### WHAT YOU HAVE TO DO
Reproduce the data that follows character for character, but omit its pictures.
GIVEN INFORMATION section start
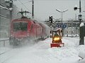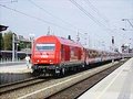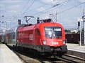 | Arriving at Wien Meidling - notice the Austria-way of coupling two trains both with locs together and splitting them later on (eloc in the middle of the train set). |
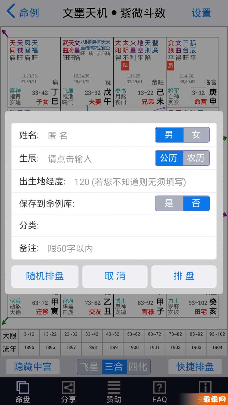 1. 初次使用时,建议在“命例”页面添加新的排盘记录。
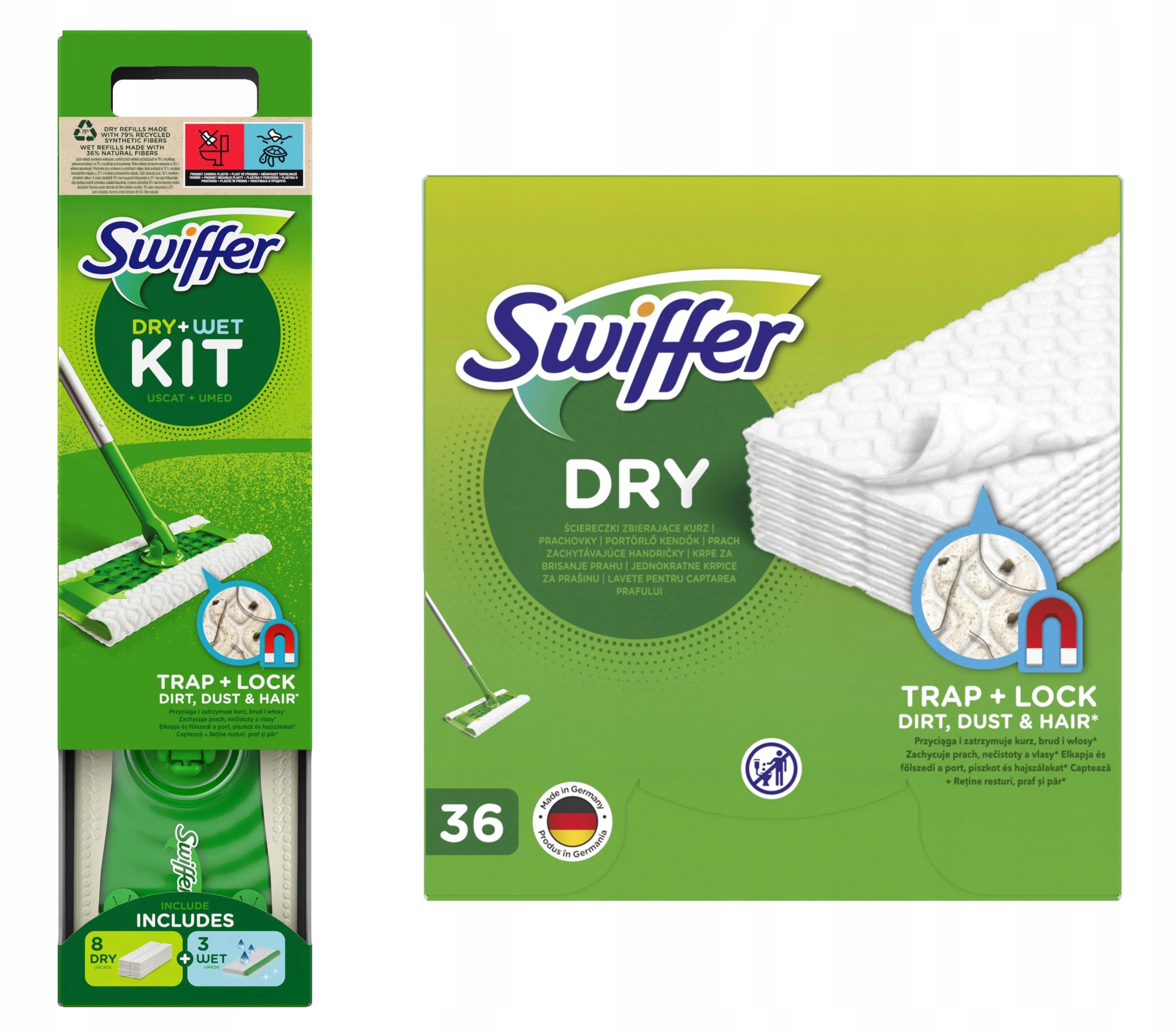 Стартовий набір також включає три вологі серветки. Вологі серветки для підлоги ретельно розчиняють бруд і забруднення, а потім вбирають їх, залишаючи свіжий запах чистоти. Крім того, головка швабри Swiffer, що обертається на 360°, дозволяє ретельно очистити весь будинок, включаючи важкодоступні місця, такі як поверхні під холодильником, плитою або посудомийною машиною, під ліжками, диванами, а також у кутах і куточки, куди не можуть дістатися звичайні щітки для підмітання та щітки.
GIVEN INFORMATION section end
### ANSWER SECTION
 | Arriving at Wien Meidling - notice the Austria-way of coupling two trains both with locs together and splitting them later on (eloc in the middle of the train set). |
 1. 初次使用时,建议在“命例”页面添加新的排盘记录。
 Стартовий набір також включає три вологі серветки. Вологі серветки для підлоги ретельно розчиняють бруд і забруднення, а потім вбирають їх, залишаючи свіжий запах чистоти. Крім того, головка швабри Swiffer, що обертається на 360°, дозволяє ретельно очистити весь будинок, включаючи важкодоступні місця, такі як поверхні під холодильником, плитою або посудомийною машиною, під ліжками, диванами, а також у кутах і куточки, куди не можуть дістатися звичайні щітки для підмітання та щітки.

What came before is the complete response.